A large improvement in HIV RNA levels and CD4 cell count for patients with HIV and changes in use of antiretroviral regimens with INSTIs between 2007 and 2014 were observed in the present study. These results are consistent with findings by previous studies [6-10]. Our results also confirmed that switching to antiretroviral regimens with INSTIs in clinical practice would lead to favorable effects of HIV RNA levels and CD4 cell count. Our findings suggested that there was a large effect of INSTIs on clinical improvement in the whole population of patients with HIV under long-term antiretroviral treatment.

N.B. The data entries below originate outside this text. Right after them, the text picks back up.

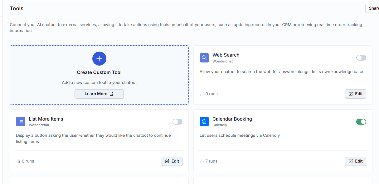 Inside your Wonderchat dashboard, navigate to Tools and locate the Calendly option. Toggle it on and the booking capability is immediately active — your chatbot can now schedule meetings on your behalf without any manual involvement.
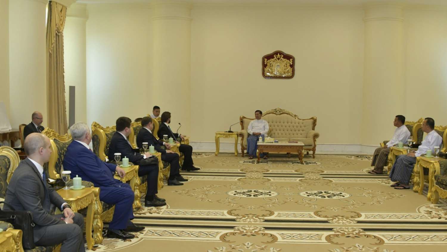 နိုင်ငံတော်စီမံအုပ်ချုပ်ရေးကောင်စီဥက္ကဋ္ဌ နိုင်ငံတော်ဝန်ကြီးချုပ် ဗိုလ်ချုပ်မှူးကြီးမင်းအောင်လှိုင်ထံ ရုရှားဖက်ဒေရေးရှင်းနိုင်ငံ၊ ရော့စ်ကွန်ဂရက်ရင်းနှီးမြှုပ်နှံမှု ရန်ပုံငွေအဖွဲ့မှ ညွှန်ကြားရေးမှူး SHATIROV Alexander Sergeevich ဦးဆောင်သည့် ကိုယ်စားလှယ်အဖွဲ့က ယနေ့မွန်းလွဲပိုင်းတွင် နေပြည်တော်ရှိ နိုင်ငံတော်စီမံအုပ်ချုပ်ရေးကောင်စီဥက္ကဋ္ဌရုံး ဧည့်ခန်းမ၌ လာရောက်ဂါရဝပြု တွေ့ဆုံသည်။
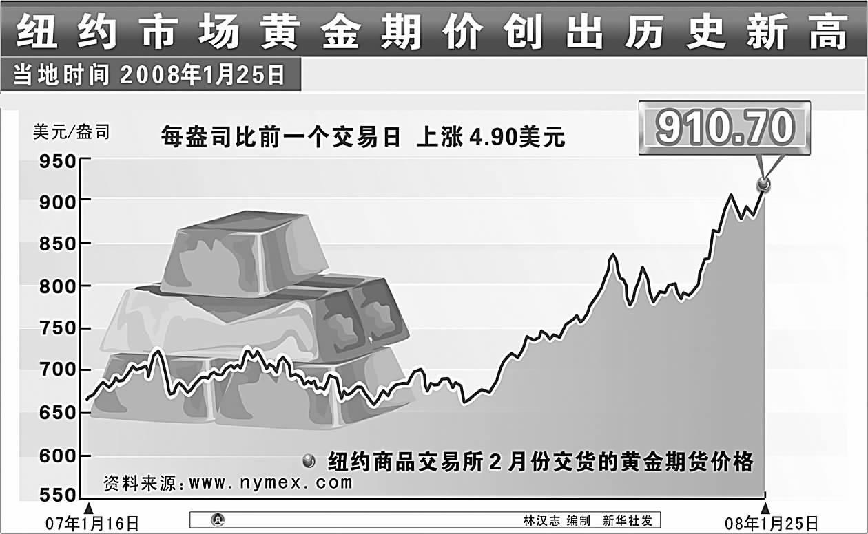 纽约市场黄金期价创出历史新高 中华工商时报 2009.02.1800:18 关注 由于传出南非一些大型金矿停止生产的消息,上周最后一个交易日纽约市场黄金期价创出历史新高,2月份交货黄金期货价格盘中价格一度达到924.30元/盎司。最终收盘于910.70元/盎司,比上一交易日上涨4.90美元。
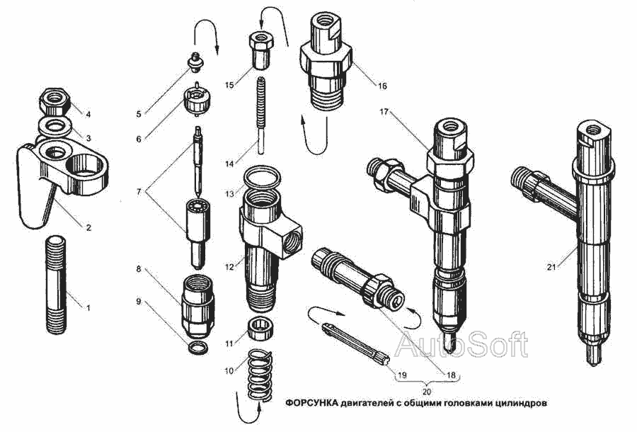 Форсунка двигателей с общими головками цилиндров » Двигатель

This study has some limitations and problems. We used data from the Japan Cohort Study of HIV Patients Infected through Blood Products [14, 15]. Our participants were Japanese male hemophiliac patients with HIV who were infected by blood products in the 1980s, but we did not include females. Most participants appeared to have some favorable factors for switching to antiretroviral therapy (e.g., long-term, routinely good medical care, sufficient monitoring of HIV RNA levels and CD4 cell count, and relatively complete adherence of antiretroviral therapy) [14-16]. The data that were used in this study were at only one time point in each of 2007 and 2014. Participants who changed from no treatment in 2007 to antiretroviral regimen use, including INSTIs in 2014, in our study would have had initiation of antiretroviral regimen use, including INSTIs for treatment-naive patients between 2007 and 2014. Additionally, there also would have been those who switched to antiretroviral regimens with INSTIs after initiation of an antiretroviral regimen without INSTIs between 2007 and 2014. We observed changes in antiretroviral regimen use between 2007 and 2014. Currently, antiretroviral regimens are being continually developed, research on these regimens is ongoing, and guidelines are constantly being updated [3, 5, 11]. In Japan, other INSTIs, such as elvitegravir and dolutegravir, were approved in 2013 and 2014, respectively [5]. The current antiretroviral regimens with INSTIs have a risk of viral failure because of drug-resistance, similar to other regimens [3]. Changes in antiretroviral regimen use will continue in the future [3]. We analyzed HIV RNA levels and CD4 cell count as effects of switching to an antiretroviral regimen with an INSTI. Evaluating effects of switching regimens requires observations of other variables, such as adverse events and quality of life [3, 12].
CONCLUSION
We found a considerable effect of switching to antiretroviral regimens with INSTIs for Japanese patients with HIV who were infected by blood products. This finding suggests that this switch in clinical practice will lead to favorable effects.
CONFLICT OF INTEREST
The authors confirm that this article content has no conflict of interest.
ACKNOWLEDGEMENTS
This study was supported by the Yu-ai Welfare Foundation (Public Interest Incorporated Foundation) in Japan.
MK and Shuji Hashimoto conceived the idea, wrote the proposal, analyzed the data, and drafted the paper. TS and SO approved the proposal with some revisions. KF and HY interpreted the analysis. TS, Satoshi Higasa, Miwa Ogane, and Manabu Okamoto reviewed and edited the manuscript. All authors read and approved the final manuscript.